On Father’s Day, one of my gifts was a few hours of down time and solitude, something that particularly recharges my personal batteries. As part of that down time, I watched one of my favorite all-time movies, “Ben-Hur“. The 1959 film went on to win eleven Academy Awards, which has only been equaled by two other films, “Titanic” and “The Lord of the Rings: The Return of the King”.

The most famous  scene in the movie is that of the violent chariot race near the very end of the movie in which Judah Ben-Hur triumphs over his childhood friend turned enemy, Messala, who dies afterward  from injuries sustained in the race. This time through, however, the scene that stood out to me the most was one I had noticed before but, honestly, hadn’t thought much of. The scene comes during the middle of the movie.

Messala, as vengeance for Judah’s refusal to betray his people, assigned Judah to be a galley slave in the Roman navy. In this particular scene, Judah had already been serving in the galleys for over three years when he was assigned to the ship of Consul Quintus Arrias. As Arrias tests the slaves on his ship, Judah, referred to by Arrias as “Forty-One” wins his trust by his restraint and self-discipline. As the ship enters battle, Arrias orders all the slaves to be chained in preparation for battle, all that is except for Judah.
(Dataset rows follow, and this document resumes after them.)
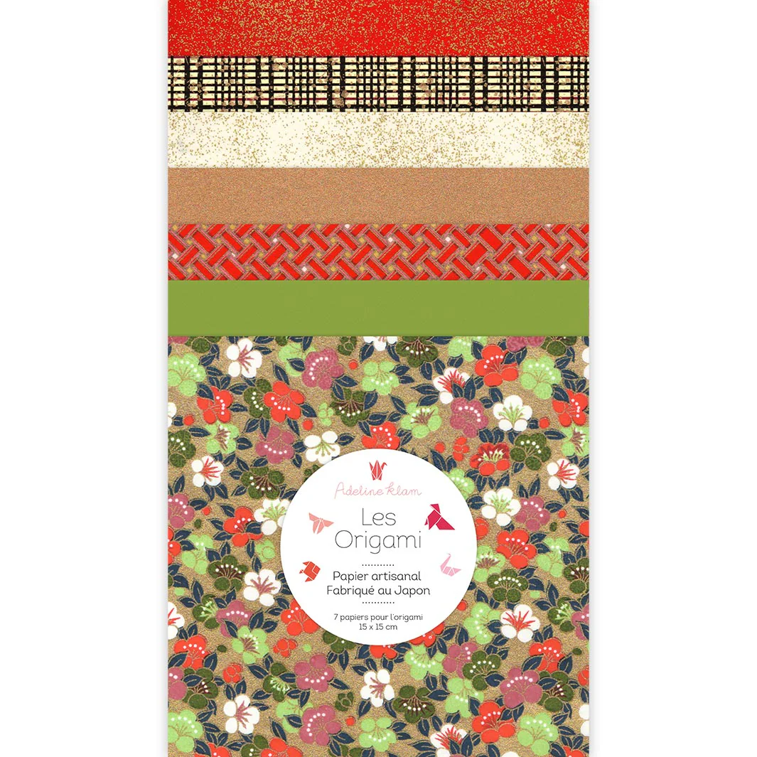 Ce joli set de 7 carrés de papiers japonais (washi, yuzen, chiyogami) pour l’origami de 15cm de côté, dans des tons rouge, vert clair, dorés et noirs de la gamme « Rétro » (N7) a été imaginé par Adeline.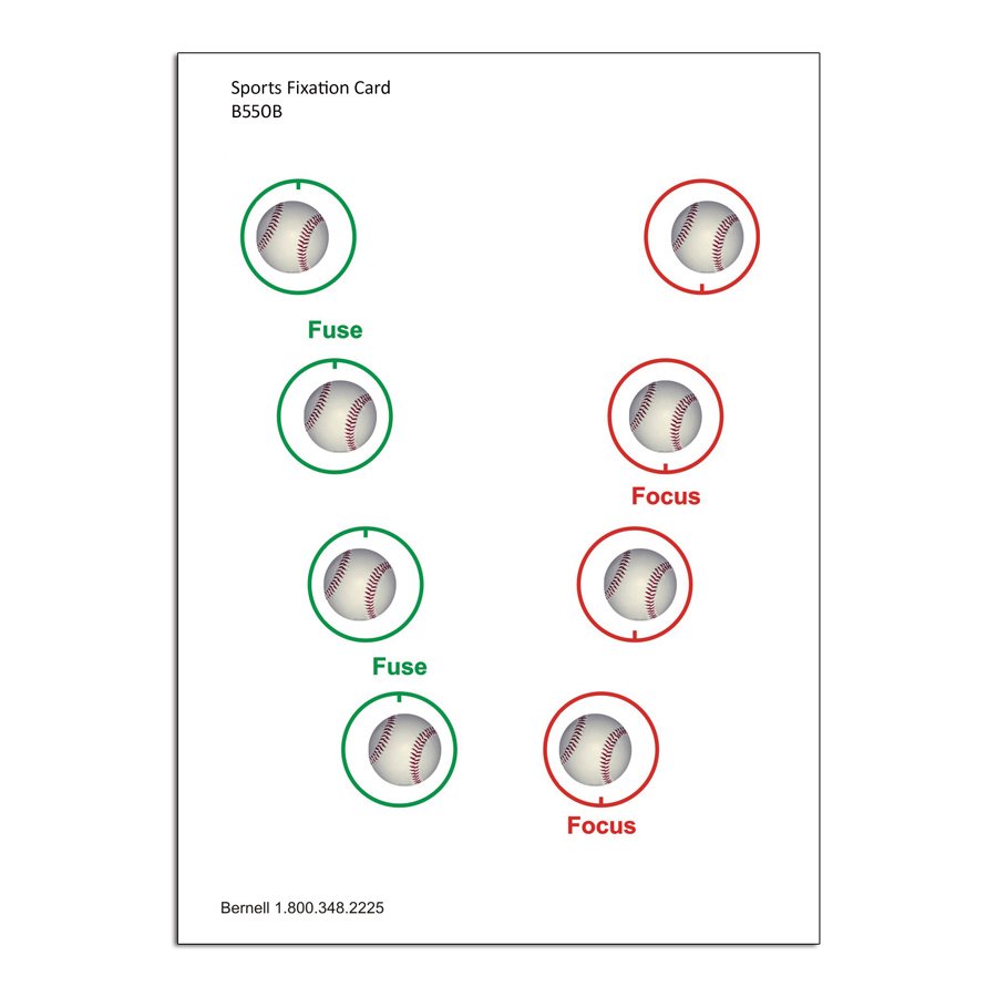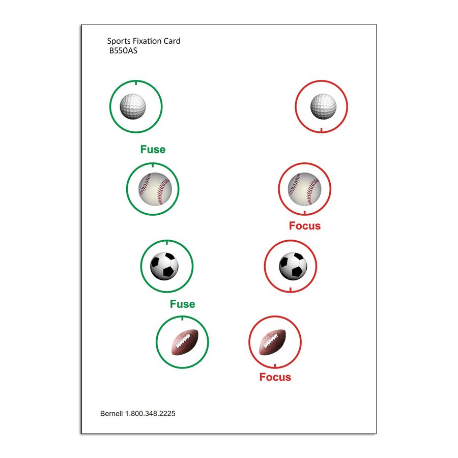 Make your patients aware that you do both Vision Therapy and Vision Training (Sports Vision!) with these new sports cards. Let them select their favorite sport: baseball, football, soccer or all sports. Cards come in transparent or opaque packs of 5 cards. Two balls are set opposite of the other two so that you can ask which balls come out/go in to the card to determine if the patient is really seeing as they should. Vertical lines on circles for suppression check. Red/green circles to encourage color rivalry.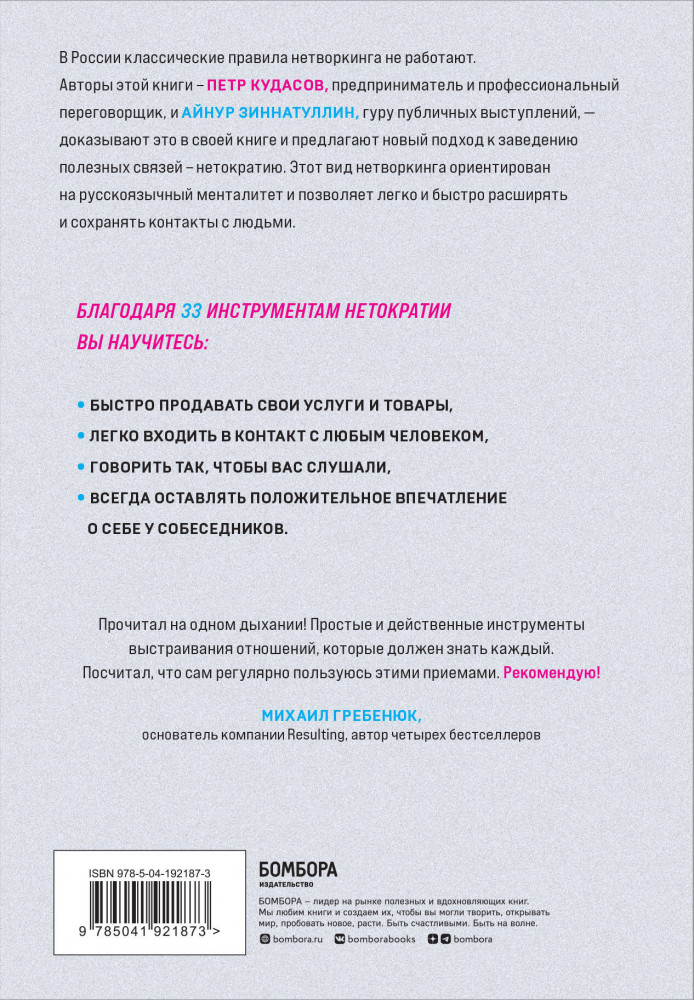 💳 Оплатить за товар можно при получении 🇰🇿 Есть бесплатная доставка по Казахстану от 1 дня 🎁 Копите бонусы с каждой покупки Серия: Психология общения. Новое оформление Авторы этой книги — Петр Кудасов, предприниматель и профессиональный переговорщик, и Айнур Зиннатуллин, гуру публичный выступлений — доказывают это в своей книге и предлагают новый подход к заведению полезных связей — нетократию. Этот вид нетворкинга ориентирован на русскоязычный менталитет и позволяет легко и быстро расширять и сохранять контакты с людьми. |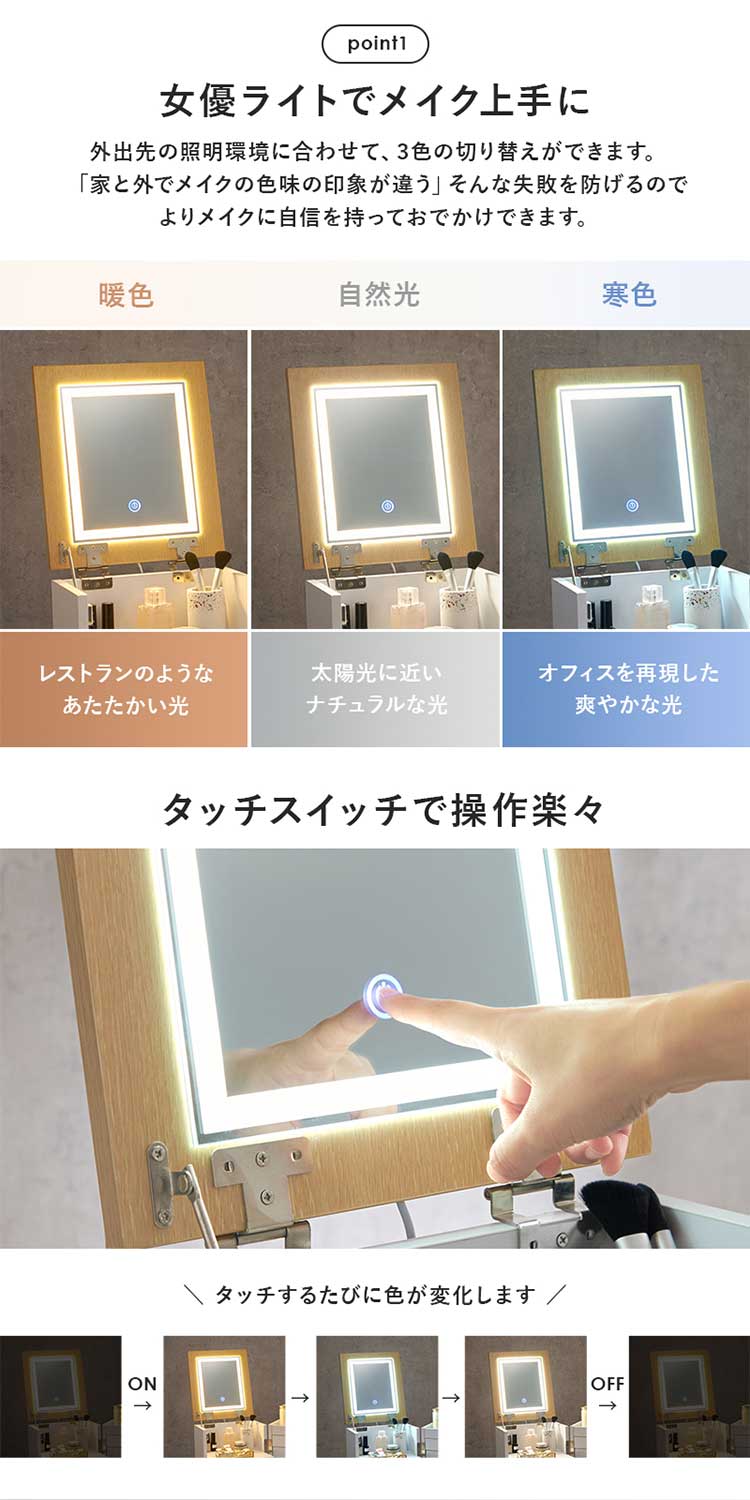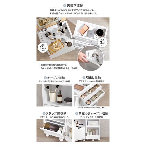 コスメからヘアメイク道具、アクセサリーまで身支度に必要なものを収納できます。

During the battle, the ship is rammed by an enemy ship. As the enemies flood the ship and hand-to-hand combat commences, Arrias is knocked overboard in the scuffle. Judah jumps into the water and pulls Arrias to safety. They are later rescued by another ship in the fleet and find out that the Roman fleet had indeed been victorious.

As Arrias walks towards the back of the ship, he takes Judah with him and they begin to pass by the area where the galley slaves can be seen below, living out their miserable existence in monotony as they row away what little life they have left in them. Having been freed from his rowing duties by Arrias, Judah stops and gazes at them in their suffering, as if he longs for their freedom yet knowing that most of them will not survive.

This scene reminded me of what Jesus Christ has done for each and every one of us. He came to earth, lived as one of us, was tempted as we are tempted (Hebrews 4:15), yet was obedient to God the Father even to the point of giving up his own life in exchange for ours. Not only that but he proved his divinity by literally rising from the dead (Romans 10:9). That’s how he freed us from sin and its ultimate consequence, hell.

I pray that God’s Spirit will continually remind me that He’s freed me from the chain that kept me bound to the oar and, as Judah Ben-Hur looked down on those still afflicted and in chains longing for their freedom, that he would give me a heart ever-softening for those Christ is leading me to minister to. By God’s grace, I am no longer a “Forty-One”.